RECORDS PROVIDED Start Marker

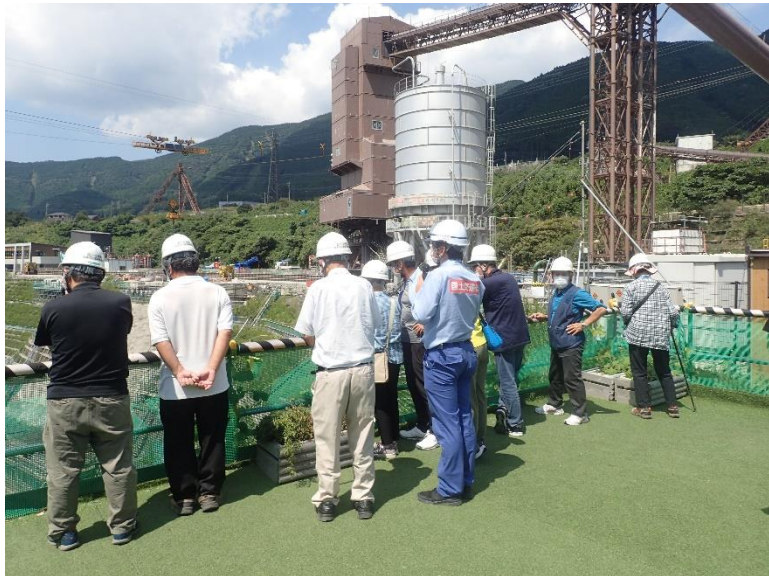
R4.9 一般住民現地説明【11名】
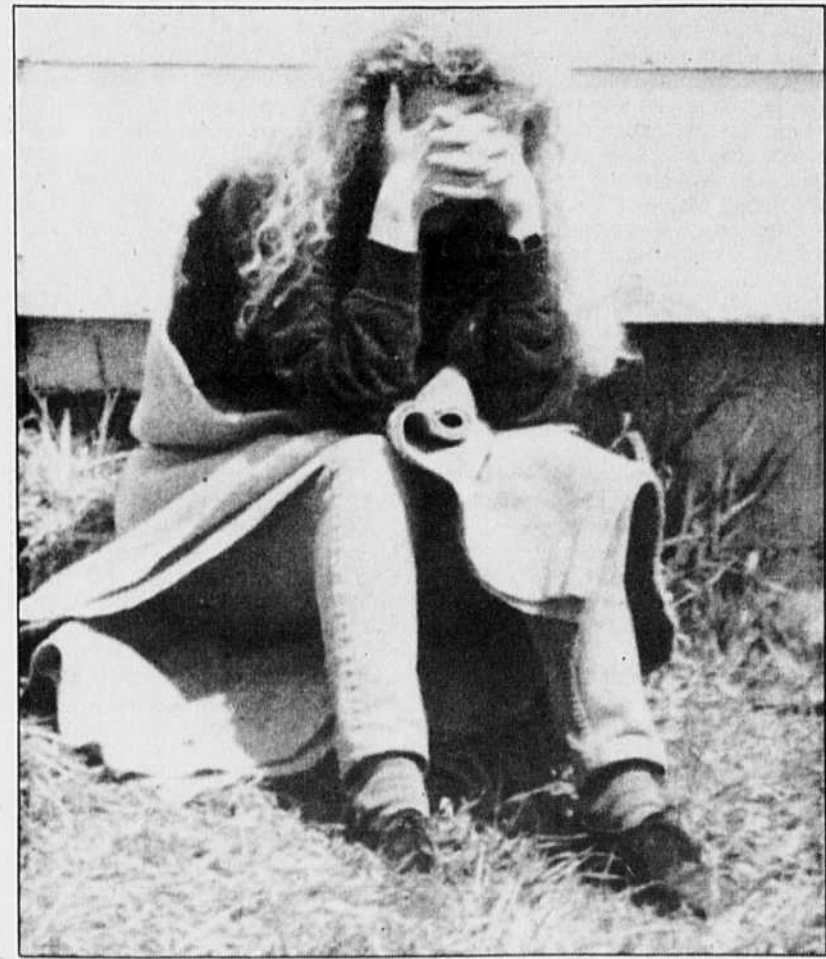
L'épouse d'un mineur encore emprisonné sous la terre contenait mal son angoisse à sa troisième journée d'attente aux portes de la mine Westray, hier.
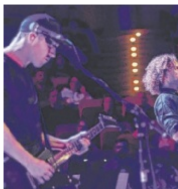
Das Orion Orchestra präsentiert Metallica-Songs im Klassik-Gewand.
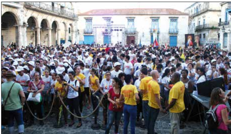
Jóvenes en la Plaza de la Catedral

Tras la cena al aire libre, todos se van reuniendo en la explanada del castillo de la punta, junto al malecón, para al atardecer dar comienzo a un emotivo y brillante Viacrucis por las calles del centro de La Habana. El Viacrucis es vivido con gran fe y devoción, combi-
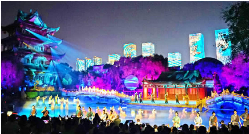
9月28日晚,观众在长沙橘子洲欣赏由华夏芙蓉文旅全新打造的《花开橘洲·江天暮雪》光影诗画秀演出。
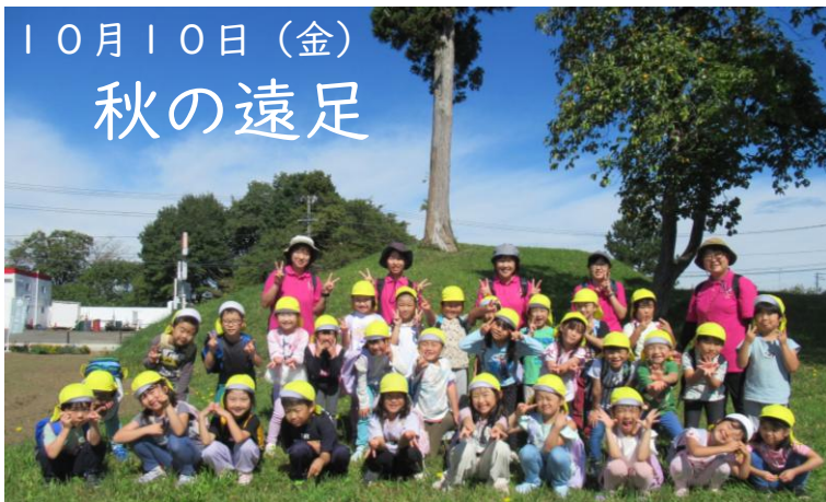
きいろ組(5歳児)角塚古墳にて
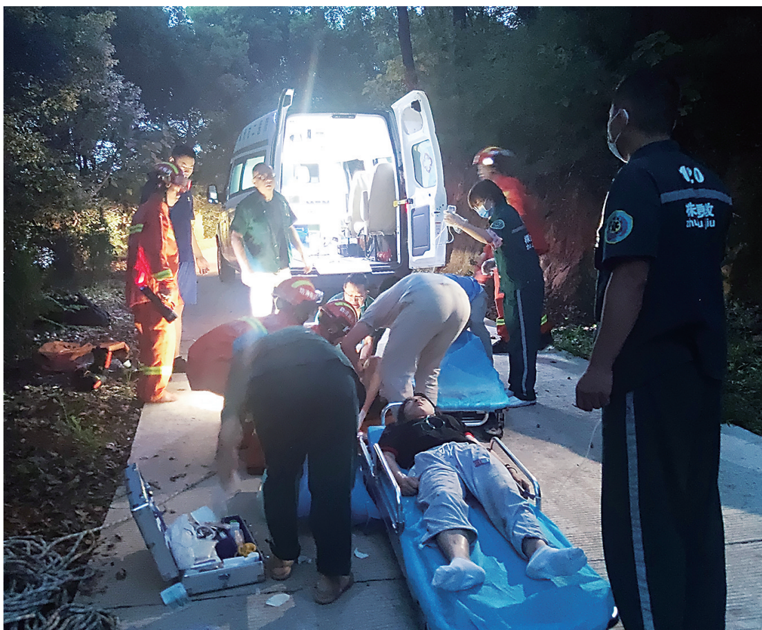
▲救援人员对受伤学生进行急救。

消防部门提醒,正值酷暑,发动机高负荷、长时间运转,容易引起车辆自燃。车主要定期对车辆进行检修保养,及时清理车内易燃可燃物品,切忌“带病”上路。

RECORDS PROVIDED End Marker

Starting at the first line of the data, set down each line exactly until you have copied the line with "Jóvenes en la Plaza de la Catedral", but leave the pictures out.

RESULT BELOW:
R4.9 一般住民現地説明【11名】
L'épouse d'un mineur encore emprisonné sous la terre contenait mal son angoisse à sa troisième journée d'attente aux portes de la mine Westray, hier.
Das Orion Orchestra präsentiert Metallica-Songs im Klassik-Gewand.
Jóvenes en la Plaza de la Catedral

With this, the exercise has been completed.